In summary, these converging findings strongly argue that immune system disturbances are the integral part of schizophrenia pathophysiology. However, schizophrenia is a uniquely human brain disease. As a result, postmortem brain transcriptome studies are of particular importance, as they can identify disturbed genes and pathways arising from the synergistic effects of diverse genetic predispositions and various environmental insults (34-36). Thus, in the absence of true animal models of schizophrenia, postmortem studies of brains of subjects with schizophrenia are essential contributors to the overall understanding of disease pathophysiology.

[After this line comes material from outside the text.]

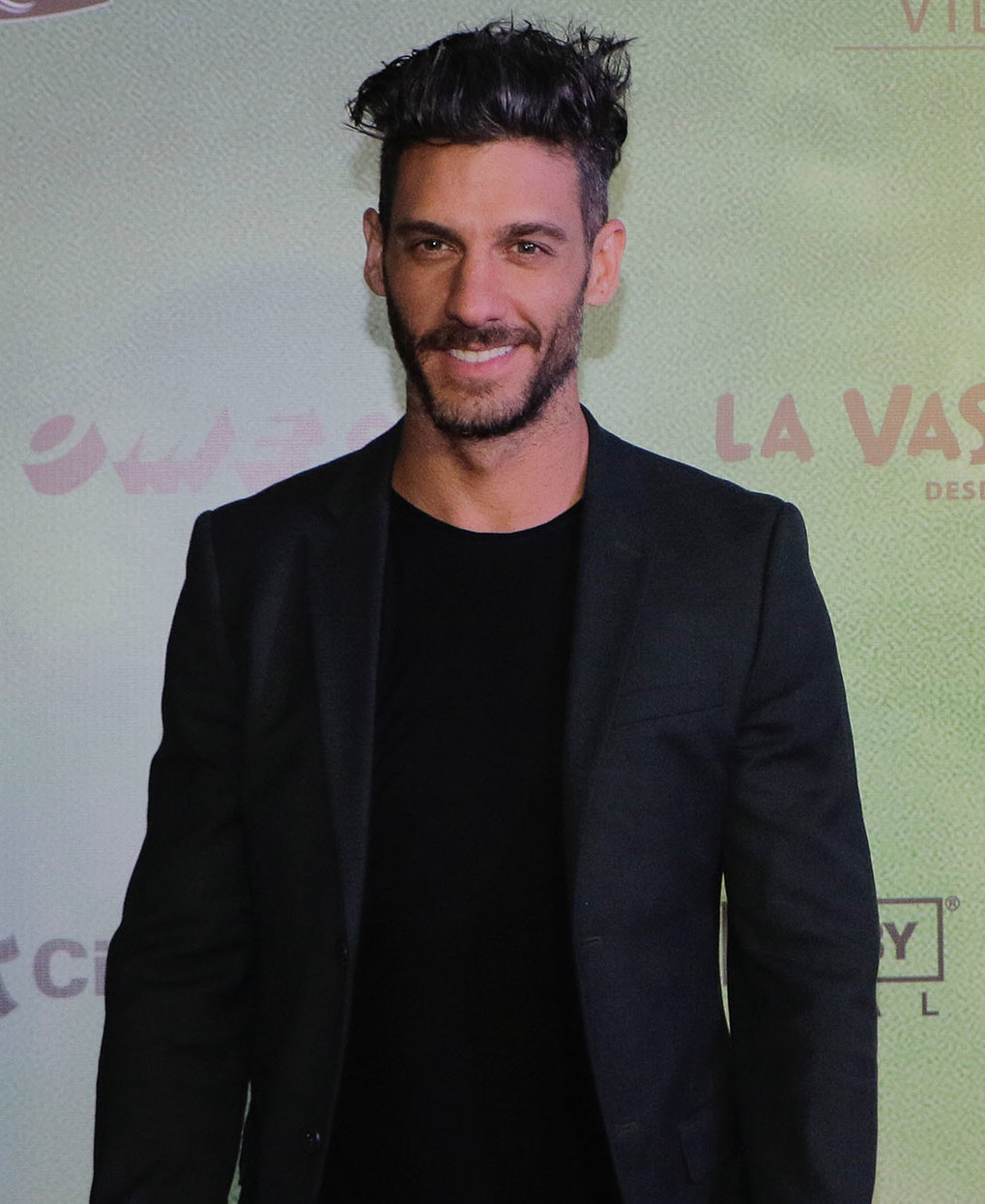 Miércoles 12 de septiembre de 2018.\r\rCinépolis Plaza Oasis. Premier de la película El día de la unión. Cuando México se hizo uno, dirigida por Kuno Becker y producida por Juan Aura. \r\rFotografía: Tania Victoria/ Secretaría de Cultura CDMX

II. Transcriptome changes in schizophrenia

Schizophrenia is a syndrome, characterized by a considerable symptomatic diversity. It appears that the underlying molecular diversity of the disease is even more varied than the clinical manifestations (37). Transcriptome studies since the beginning of the millennium report that schizophrenic subjects show great, almost individual diversity in gene expression disturbances. Still, it appears that the overall data argue for a sub-stratification of disease-related mRNA profiles within the affected subjects, with molecular signatures commonly encompassing synaptic (38, 39), GABA-ergic (40, 41), mitochondrial (42-44), immune (12-15) and oligodendrocyte (45-47) disturbances (Figure 1A). These signatures overlap in a complex pattern, with many subjects showing altered expression across multiple biological domains, making it challenging to classify the individual subjects with schizophrenia into a single the molecular phenotype. Yet, the overall data suggest that the most distinct molecular signatures are the oligodendrocytic and GABA-ergic phenotypes and the ones that show the most overlap are the GABA-ergic and synaptic gene expression disturbances. Unfortunately, due to the limited postmortem brain availability and less than ideal clinical record access, we have no clear understanding of how the molecular disturbances might relate to the behavioral phenotypes or outcomes. As a result, different brain banking methods (e.g. recruitment from chronically hospitalized patients vs. obtaining samples for the coroner's office) might preferentially draw from different subpopulations of patients and the various “omics” analyses yield subpopulation-specific datasets that are not easily replicated (Figure 1B).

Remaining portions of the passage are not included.